▸ DATA FOR PROCESSING:
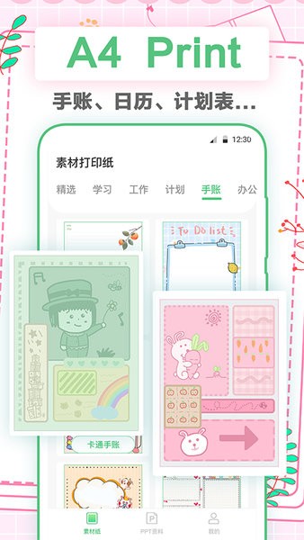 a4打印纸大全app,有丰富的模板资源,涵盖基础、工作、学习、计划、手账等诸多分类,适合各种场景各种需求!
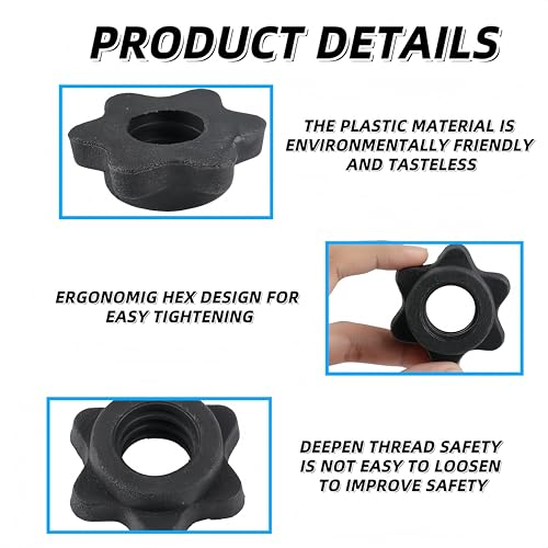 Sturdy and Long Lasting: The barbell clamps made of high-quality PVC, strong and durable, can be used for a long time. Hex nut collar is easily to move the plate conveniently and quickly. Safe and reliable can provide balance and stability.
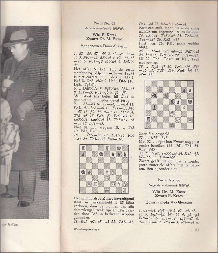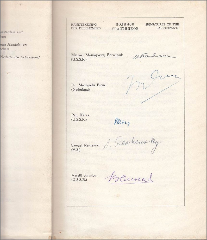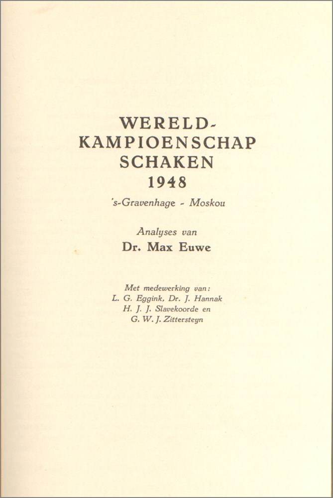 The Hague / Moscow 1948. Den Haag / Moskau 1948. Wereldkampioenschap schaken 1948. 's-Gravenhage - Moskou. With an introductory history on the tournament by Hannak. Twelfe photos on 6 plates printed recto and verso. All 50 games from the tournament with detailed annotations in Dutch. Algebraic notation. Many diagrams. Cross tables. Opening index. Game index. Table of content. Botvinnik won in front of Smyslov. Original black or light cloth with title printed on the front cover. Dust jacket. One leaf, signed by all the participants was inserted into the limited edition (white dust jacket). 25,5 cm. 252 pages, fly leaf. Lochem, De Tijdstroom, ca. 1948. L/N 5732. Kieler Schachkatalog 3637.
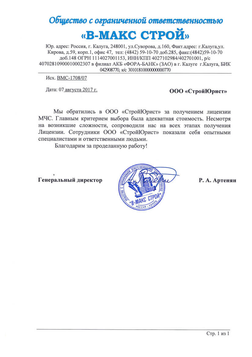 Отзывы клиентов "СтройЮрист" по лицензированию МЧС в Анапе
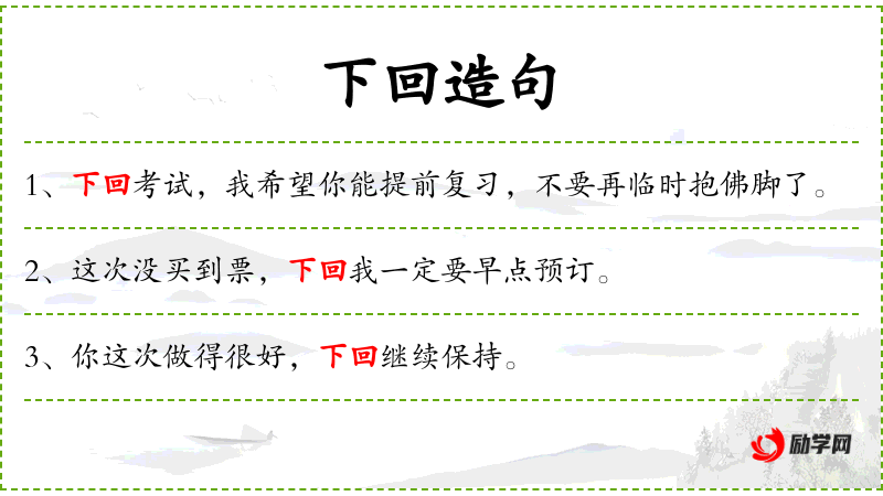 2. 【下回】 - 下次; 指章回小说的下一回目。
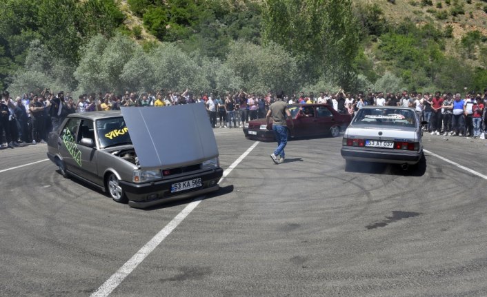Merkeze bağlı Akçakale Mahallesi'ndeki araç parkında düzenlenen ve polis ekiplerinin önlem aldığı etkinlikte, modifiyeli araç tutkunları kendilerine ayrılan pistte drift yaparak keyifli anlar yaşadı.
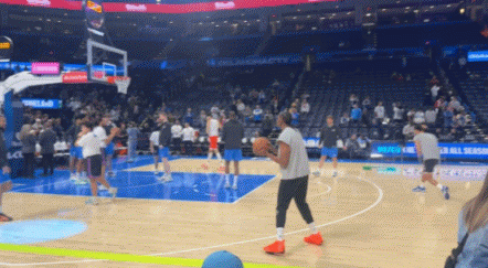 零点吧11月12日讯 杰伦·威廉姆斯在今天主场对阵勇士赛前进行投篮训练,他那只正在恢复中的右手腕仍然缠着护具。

▸ WHAT YOU WILL DO: The lines to restate word for word run from the line that contains "Merkeze bağlı Akçakale" through the end of the entries above, both ends included. Leave out all pictures and write nothing else.

▸ RESULT:
Merkeze bağlı Akçakale Mahallesi'ndeki araç parkında düzenlenen ve polis ekiplerinin önlem aldığı etkinlikte, modifiyeli araç tutkunları kendilerine ayrılan pistte drift yaparak keyifli anlar yaşadı.
 零点吧11月12日讯 杰伦·威廉姆斯在今天主场对阵勇士赛前进行投篮训练,他那只正在恢复中的右手腕仍然缠着护具。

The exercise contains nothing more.